March 24, 2014 - 10:05 AMT
Afghanistan says foreign service behind deadly hotel attack

Afghanistan's presidency says its spy agency believes a foreign intelligence service - not militant groups - was behind the attack on a Kabul hotel that killed nine people, including two children and four foreigners.

A statement from President Hamid Karzai's office said the spy agency had briefed Afghanistan's top security officials on last week's attack, according to the Associated Press.

In that briefing the agency said: "The attack on the Serena Hotel was a direct attack by an intelligence service outside the country."

It did not specify which country was purportedly responsible for the assault, but Afghanistan routinely accuses Pakistan of sending militants across the border to wage attacks. Pakistan did not immediately comment on the allegations.

The agency said neither the Taliban nor the Haqqani group, a network believed responsible for numerous high-profile attacks in Kabul, was even aware the attack was in the offing.

Afghanistan's National Security Council was also told a Pakistani diplomat was spotted filming inside the Serena Hotel "a while ago", seeming to suggest the incident was connected to Friday's assault in which four gunmen, their small pistols hidden in their shoes, slipped past hotel security, according to the AP.

Once inside the hotel, they opened fire in a restaurant and shot people at point blank range, including two small children and their parents.
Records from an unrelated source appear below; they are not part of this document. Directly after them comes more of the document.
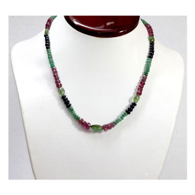 Natural 120.85 ctw Emerald Ruby Sapphire Bead Necklace
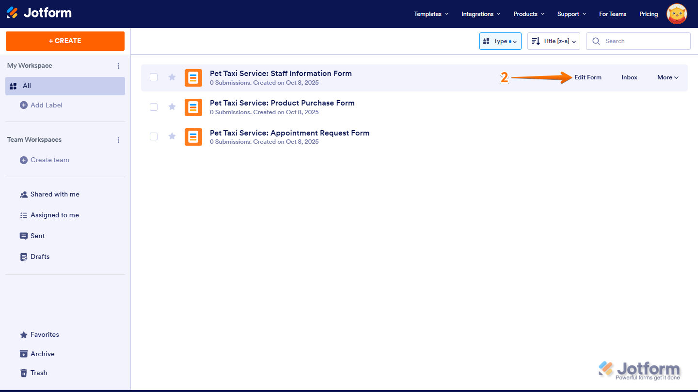 - Hover your mouse over the form you want to password protect and click on Edit Form on the right side of the page.
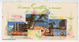 We went out to Dick Ward’s again yesterday afternoon – or I should say he came here and picked us up in his car. We took a short tour of Bishop Museum, then went to their home for dinner. They like to play bridge, so after the children were in bed we had a bridge session. They are so far away from any relatives they seemed to enjoy our visit, last Sunday & yesterday.
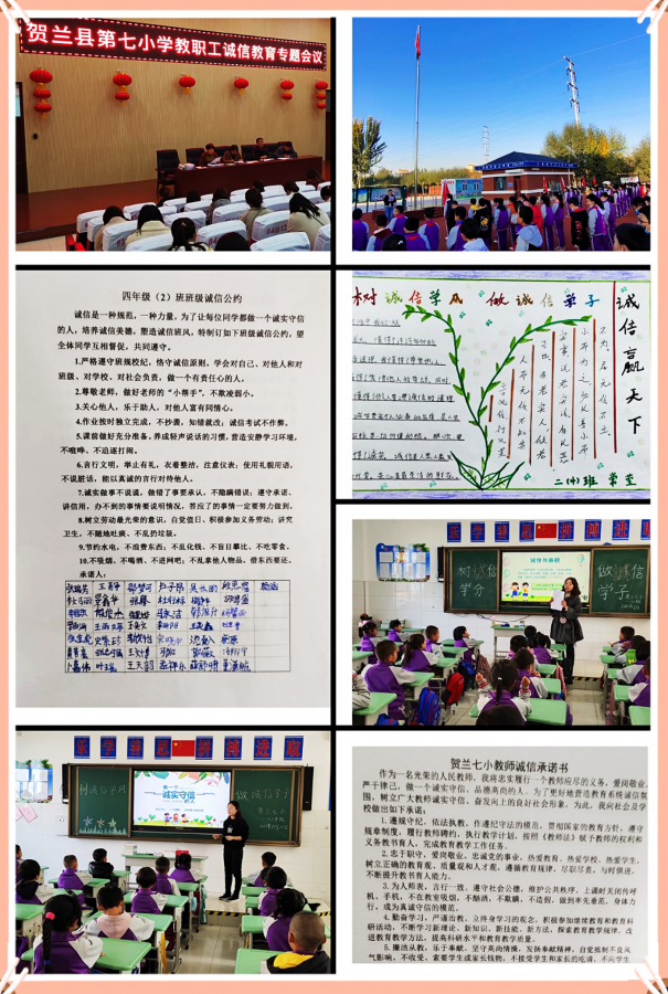学校首先利用升旗仪式和红领巾广播对全校师生发出了“树诚信学风,做诚信公民”的倡议,要求全体师生遵纪守法、真诚待人、言行一致、学会负责。同时,学校组织召开贺兰七小教职工诚信教育专题会议,并当场签订了《教师诚信承诺书》,要求全体教师率先垂范,做到“言必行,行必果”,知行统一。接着,各中队开展了“树诚信学风,做诚信学子”主题队会,并以班级为单位,制定了“班级诚信公约”,要求全班学生签名,并遵照执行,牢固树立“一处失信、处处受阻”的意识。为进一步做好主题教育工作,各中队辅导员还组织指导学生分享诚信小故事、制作主题手抄报、撰写征文……使重信誉、讲诚信的要求深入人心。
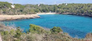 preciosa Cala de Mondragó con un color turquesa impactante, y tomamos varias fotografías desde distintos miradores. Continuamos por una senda que recorre la costa hasta la Playa S'Amarador. Arenas blancas cubiertas en la orilla de restos de algas, como la posidonia, de
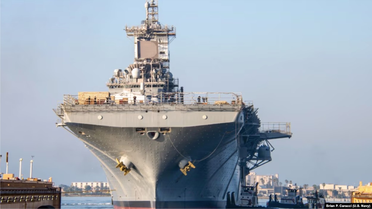 资料照片:美国海军两栖攻击舰“埃塞克斯”号离开贝宜系统公司位于加利福尼亚州圣迭戈的干船坞。(2023年9月8日)
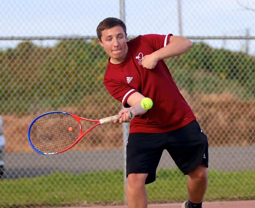 Colusa’s Chris Rodriguez returns a shot in the RedHawks’ match against Corning on March 2. Rodriguez defeated his opponent 6-1, 6-0.
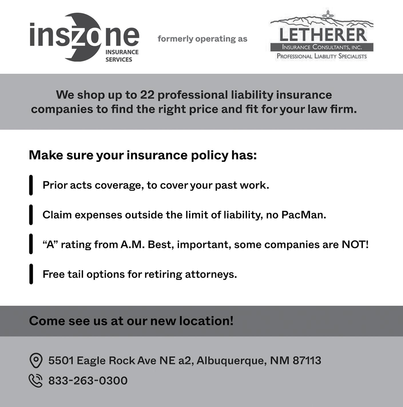 ©2024, State Bar of New Mexico. No part of this publication may be reprinted or otherwise reproduced without the publisher’s written permission. The Bar Bulletin has the authority to edit letters and materials submitted for publication. Publishing and editorial decisions are based on the quality of writing, the timeliness of the article, and the potential interest to readers. Appearance of an article, editorial, feature, column, advertisement or photograph in the Bar Bulletin does not constitute an endorsement by the Bar Bulletin or the State Bar of New Mexico. The views expressed are those of the authors, who are solely responsible for the accuracy of their citations and quotations. State Bar members receive the Bar Bulletin as part of their annual licensing fees. The Bar Bulletin is available at the subscription rate of $125 per year and is available online at www.sbnm.org.
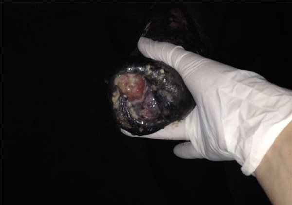 Очень надеемся, что отвалится весь нарост, потому, что операция это будет крайняя мера в его состоянии.
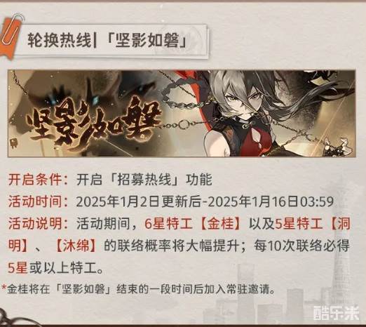 在坚影如磐活动期间6星特工【金桂)特工获取概率得到提升,想要抽取的玩家可以抓紧时间抽取,那么下面和酷乐米小编一起来看看吧
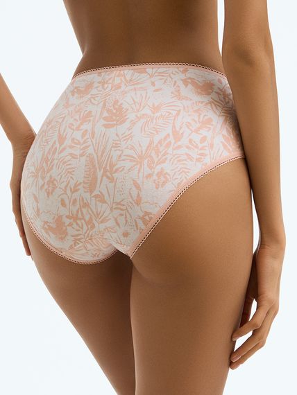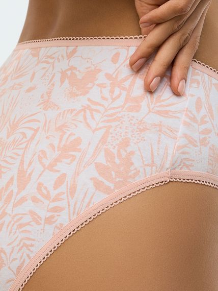 Трусы - слипы со средней линией талии с широкой боковиной. Практически полностью закрывают ягодицы. Изготовлены из высокогигиеничного хлопка, который не подвержен деформации и пилингу, отлично пропускает воздух, впитывает влагу и подходит даже для самой чувствительной кожи. Края, обработанные мягкими эластиками с кружевными фестонами, создают дополнительный комфорт.
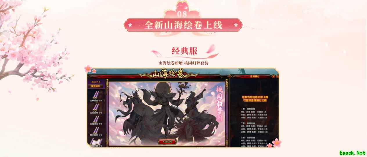 与此同时,全新山海绘卷也随新版本上线,经典服与自贸服山海绘卷皆新增“桃园归梦套装”,成功绘制绘卷所需全部卡牌,将激活意境强化功能,供天命者战力进一步提升。
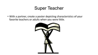 This document outlines topics and activities for teacher self-reflection on social-emotional development and interactions with children. It includes reviewing concepts like multiple intelligences, emotional intelligence, temperament, and goodness-of-fit. Teachers are prompted to examine their own early experiences and relationships, strengths and areas for growth, and philosophies around social-emotional learning and classroom environment. Discussion topics cover stress management, respectful relationships, and providing supportive learning environments.
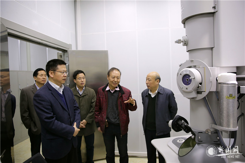 西安市副市長方光華(左一)一行在校黨委書記潘中偉(右一)等的陪同下參觀協(xié)同創(chuàng)新中心實驗室
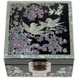 Discover the elegance of Korean craftsmanship with this exquisite mother-of-pearl jewelry box. Throughout Asia, the crane is a symbol of happiness and eternal youth. The intricate mother-of-pearl design featuring birds and florals against a deep black background radiates sophistication. With a plush red velvet interior, it safeguards your precious jewels with style. A unique masterpiece, it's perfect for personal indulgence or as a cherished gift.

A senior AFP reporter, Sardar Ahmad, died in the rampage along with his wife and two young children. His infant son is in critical condition in a Kabul hospital with several bullet wounds.

Two Canadians, an American, a national of Paraguay and a fifth Afghan were also among the dead. Sardar Ahmad and his family were buried on Sunday amid tight security.

The Taliban claimed responsibility for the attack, saying it shows that "our people, if they decide to attack any place, they can do it".

Zabihullah Mujahid, the Taliban spokesman, issued another statement on Sunday in which the movement still accepted responsibility for the attack, but appeared to address the outrage over the killing of the reporter and his family.

It said it killed "foreign and internal agents" but the killing of the family was "not the work of the Islamic Emirate", without explaining further.